>>

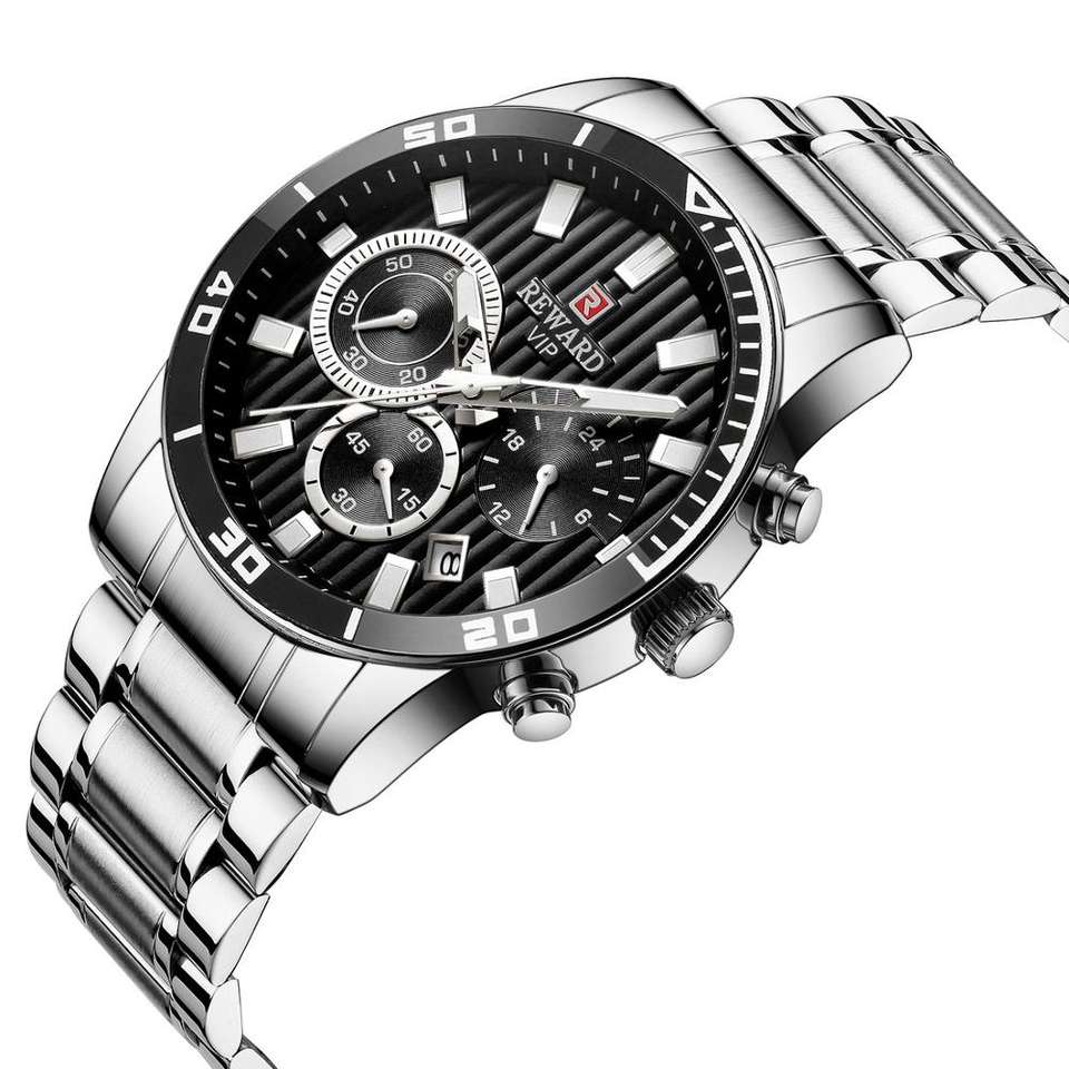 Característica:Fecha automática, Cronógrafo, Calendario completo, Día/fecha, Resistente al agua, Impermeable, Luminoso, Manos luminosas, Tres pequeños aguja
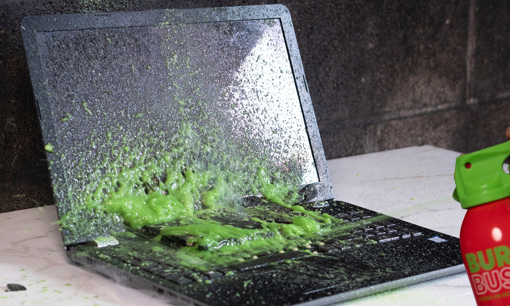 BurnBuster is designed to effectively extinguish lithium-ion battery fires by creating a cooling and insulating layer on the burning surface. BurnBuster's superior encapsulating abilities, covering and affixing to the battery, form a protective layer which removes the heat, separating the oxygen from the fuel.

<<
>>

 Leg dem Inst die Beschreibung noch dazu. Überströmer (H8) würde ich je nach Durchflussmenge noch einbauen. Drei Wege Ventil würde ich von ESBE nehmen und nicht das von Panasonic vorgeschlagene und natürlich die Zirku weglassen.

<<

- To do
Working from the data above, repeat exactly, and only, the lines that begin at the line containing "Característica:Fecha automática, Cronógrafo, Calendario" and stop after the line containing "BurnBuster is designed"; pictures are not copied.

- Exercise result
 Característica:Fecha automática, Cronógrafo, Calendario completo, Día/fecha, Resistente al agua, Impermeable, Luminoso, Manos luminosas, Tres pequeños aguja
 BurnBuster is designed to effectively extinguish lithium-ion battery fires by creating a cooling and insulating layer on the burning surface. BurnBuster's superior encapsulating abilities, covering and affixing to the battery, form a protective layer which removes the heat, separating the oxygen from the fuel.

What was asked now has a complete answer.